И с этой встречи начал медленно затягиваться тонкий и сложный узел моей жизни.

Второй раз Чехов появился на репетиции "Царя Федора" уже в "Эрмитаже", в нашем новом театре, где мы предполагали играть сезон. Репетировали мы вечером в сыром, холодном, далеко еще не готовом помещении, без пола, с огарками в бутылках вместо освещения, сами закутанные в пальто. Репетировали сцену примирения Шуйского с Годуновым, и такими необычными казались звуки наших собственных голосов в этом темном, сыром, холодном пространстве, где не видно было ни потолка, ни стен, с какими-то грустными громадными, ползающими тенями… и радостно было чувствовать, что там, в пустом темном партере, сидит любимая нами всеми "душа" и слушает нас.

На другой день, в дождливую, сырую погоду, Чехов уезжал на юг, в тепло, в нелюбимую им тогда Ялту.

17 декабря 1898 года мы играли "Чайку" в первый раз. Наш маленький театр был не совсем полон. Мы уже сыграли и "Федора", и "Шейлока"; хоть и хвалили нас, однако составилось мнение, что обстановка, костюмы необыкновенно жизненны, толпа играет исключительно, но… "актеров пока не видно", хотя Москвин прекрасно и с большим успехом сыграл Федора. И вот идет "Чайка", в которой нет ни обстановки, ни костюмов — один актер. Мы все точно готовились к атаке. Настроение было серьезное, избегали говорить друг с другом, избегали смотреть в глаза, молчали, все насыщенные любовью к Чехову и к новому нашему молодому театру, точно боялись расплескать эти две любви, и несли мы их с каким-то счастьем, и страхом, и упованием. Владимир Иванович от волнения не входил даже в ложу весь первый акт, а бродил по коридору.

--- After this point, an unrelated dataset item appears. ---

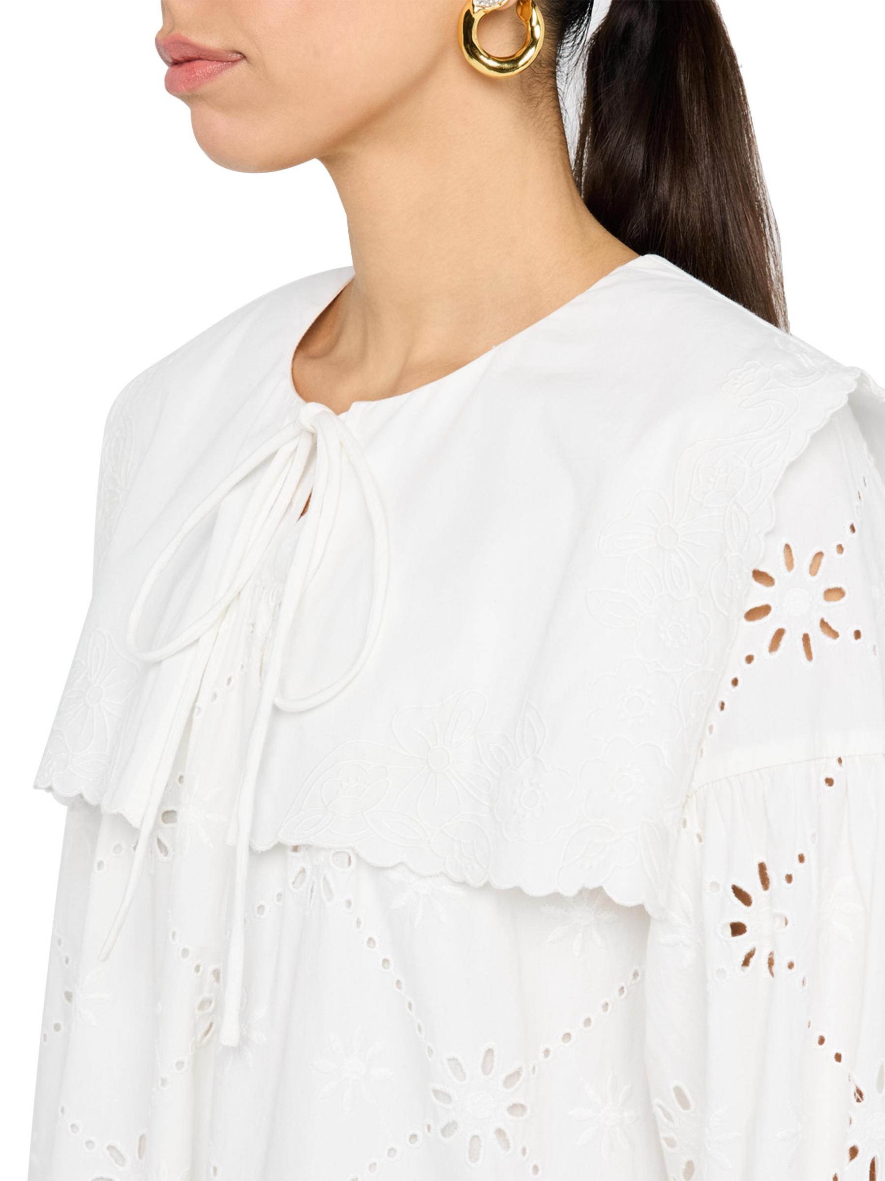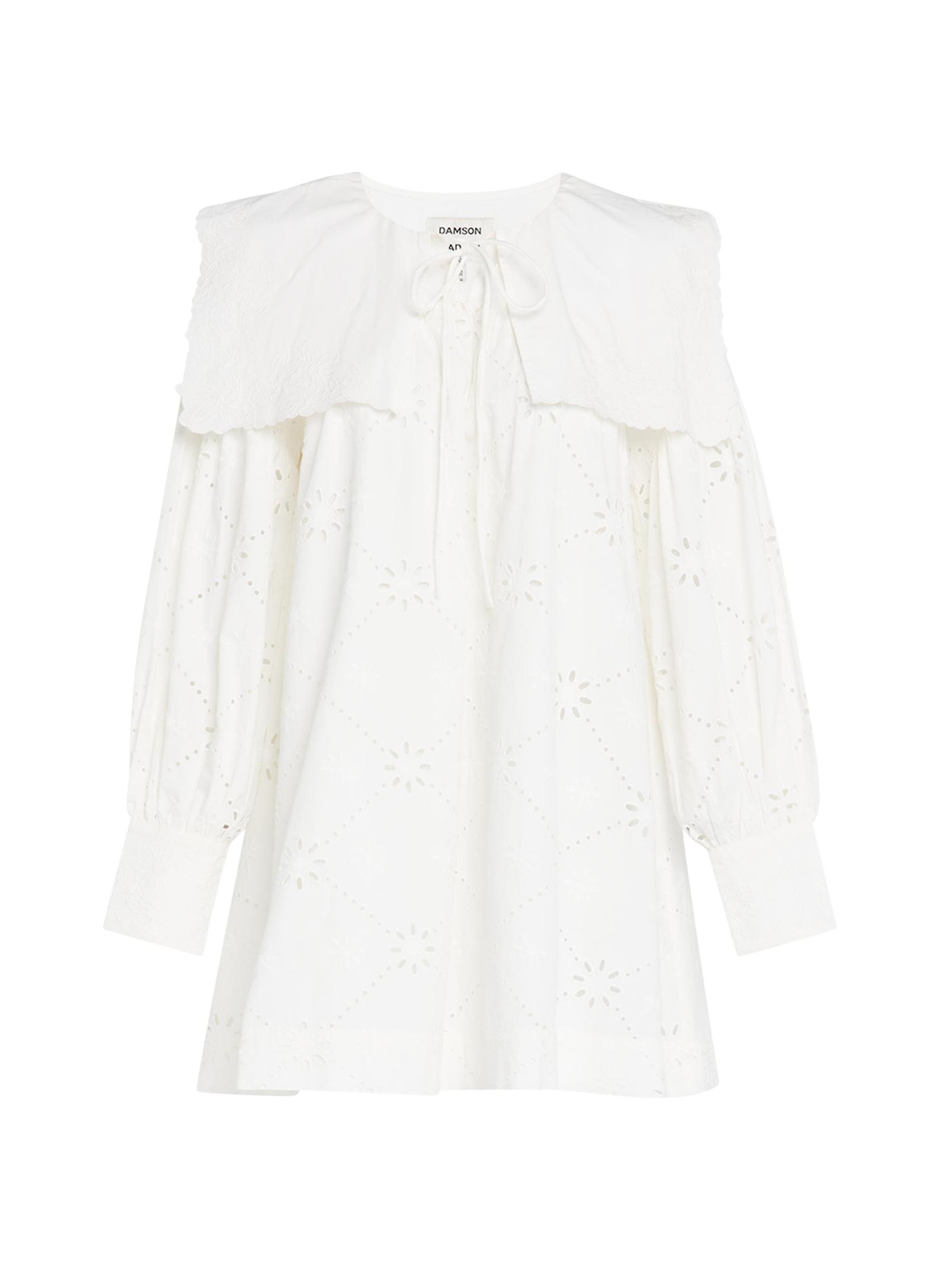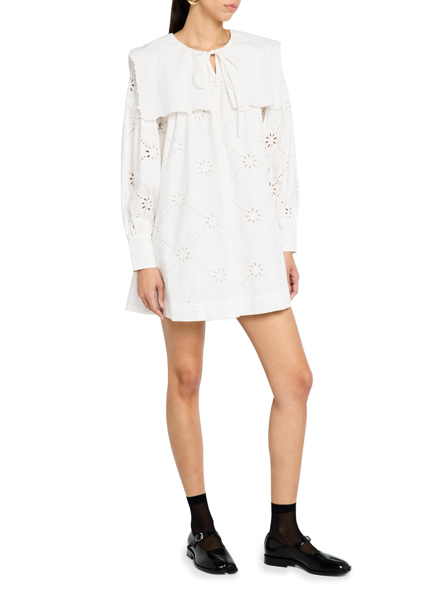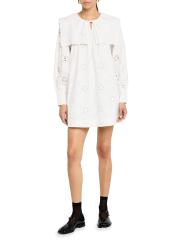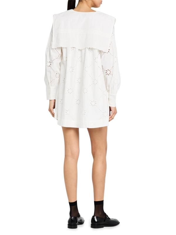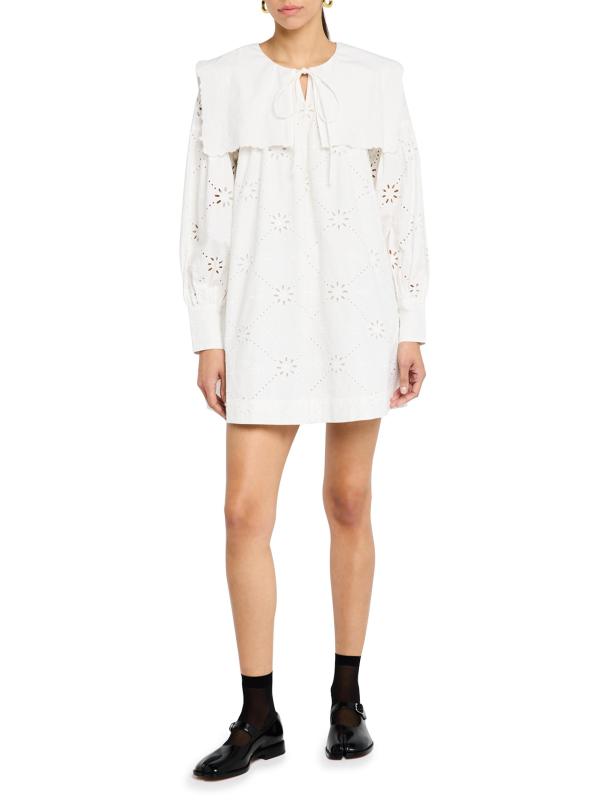 The Cassidy embroidered minidress from Damson Madder features eyelet cotton and a wide sailor collar.

Первые два акта прошли… Мы ничего не понимали… Во время первого акта чувствовалось недоумение в зале, беспокойство, даже слышались протесты — все казалось новым, неприемлемым: и темнота на сцене, и то, что актеры сидели спиной к публике, и сама пьеса. Ждали третьего акта… И вот по окончании его — тишина какие-то несколько секунд, и затем что-то случилось, точно плотину прорвало, мы сразу не поняли даже, что это было; и тут-то началось какое-то безумие, когда перестаешь чувствовать, что есть у тебя ноги, голова, тело… Все слилось в одно сумасшедшее ликование, зрительный зал и сцена были как бы одно, занавес не опускался, мы все стояли, как пьяные, слезы текли у всех, мы обнимались, целовались, в публике звенели взволнованные голоса, говорившие что-то, требовавшие послать телеграмму в Ялту… И "Чайка", и Чехов-драматург были реабилитированы.

Чем же мы взяли? Актеры мы все, за исключением Станиславского и Вишневского, были неопытные и не так уж прекрасно играли "Чайку", но думается, что вот эти две любви — к Чехову и к нашему театру, которыми мы были полны до краев и которые мы несли с таким счастьем и страхом на сцену, — не могли не перелиться в души зрителей. Они-то и дали нам эту радость победы…

Следующие спектакли "Чайки" пришлось отменить из-за моей болезни — я первое представление играла с температурой 39° и сильнейшим бронхитом, а на другой день слегла совсем. И нервы не выдержали; первые дни болезни никого не пускали ко мне; я лежала в слезах, негодуя на свою болезнь. Первый большой успех — и нельзя играть!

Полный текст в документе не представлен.